YOGYAKARTA, KOMPAS — Pembangunan hotel di Daerah Istimewa Yogyakarta harus diarahkan ke luar Kota Yogyakarta dan Kabupaten Sleman untuk menghindari dampak negatif terhadap kehidupan warga. Selama ini, pembangunan hotel menumpuk di kedua wilayah itu sehingga dampak buruk terhadap kondisi sosial dan lingkungan tak bisa dihindari.

”Pemerintah Provinsi DIY perlu turun tangan mengeluarkan kebijakan agar pembangunan hotel tak hanya di Yogyakarta dan Sleman, tetapi juga di tiga kabupaten lain di DIY,” kata Komisioner Lembaga Ombudsman Swasta (LOS) DIY Dwi Priyono, Jumat (8/8/2014), di Yogyakarta.

LOS DIY merupakan lembaga yang dibentuk Gubernur DIY pada 2005 untuk mengawasi praktik bisnis perusahaan swasta di DIY. Tujuannya untuk mewujudkan praktik bisnis yang adil dan beretika.

Berdasarkan data Badan Pusat Statistik DIY 2013, dari 1.168 hotel di lima kabupaten/kota di DIY, sebanyak 68,6 persen berada di Yogyakarta dan Sleman. Di Yogyakarta terdapat 401 hotel yang terdiri dari 31 hotel berbintang dan 362 hotel nonbintang. Di Sleman ada 400 hotel, terdiri dari 21 hotel berbintang dan 379 hotel nonbintang.

Di Kabupaten Bantul ada 279 hotel, yakni 1 hotel berbintang dan 278 hotel nonbintang. Di Gunung Kidul ada 1 hotel berbintang dan 61 hotel nonbintang. Adapun Kulon Progo hanya memiliki 26 hotel nonbintang.
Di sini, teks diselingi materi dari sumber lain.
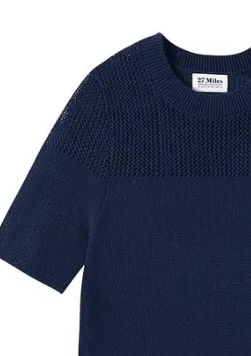 Look no further, you just found your perfect tee! Introducing the Women's Vince Knit Tee by 27 Miles Malibu, a stylish choice for those seeking comfort and elegance. This Navy tee features a short sleeve design and textured pattern with a crewneck for a classic fit. Made from 100% Cotton, it offers a straight silhouette and pull-on closure. Care: Hand wash to maintain its fine quality.

Dwi mengatakan, persebaran hotel yang terkonsentrasi di daerah tertentu menyebabkan sejumlah dampak negatif bagi warga di daerah itu. Di Kampung Miliran, Yogyakarta, misalnya, warga mengeluhkan keringnya 50 sumur milik mereka sejak dua bulan lalu. Di beberapa kelurahan, seperti Brontokusuman, Ngampilan, dan Mujamuju, warga juga menolak pembangunan hotel baru karena khawatir terkena dampak lingkungan.

Dwi mengatakan, berdasarkan jajak pendapat LOS DIY terhadap 100 warga Yogyakarta pada pertengahan Juli 2014, sekitar 67 persen responden menyebut menjamurnya hotel di Yogyakarta sebagai sesuatu yang buruk.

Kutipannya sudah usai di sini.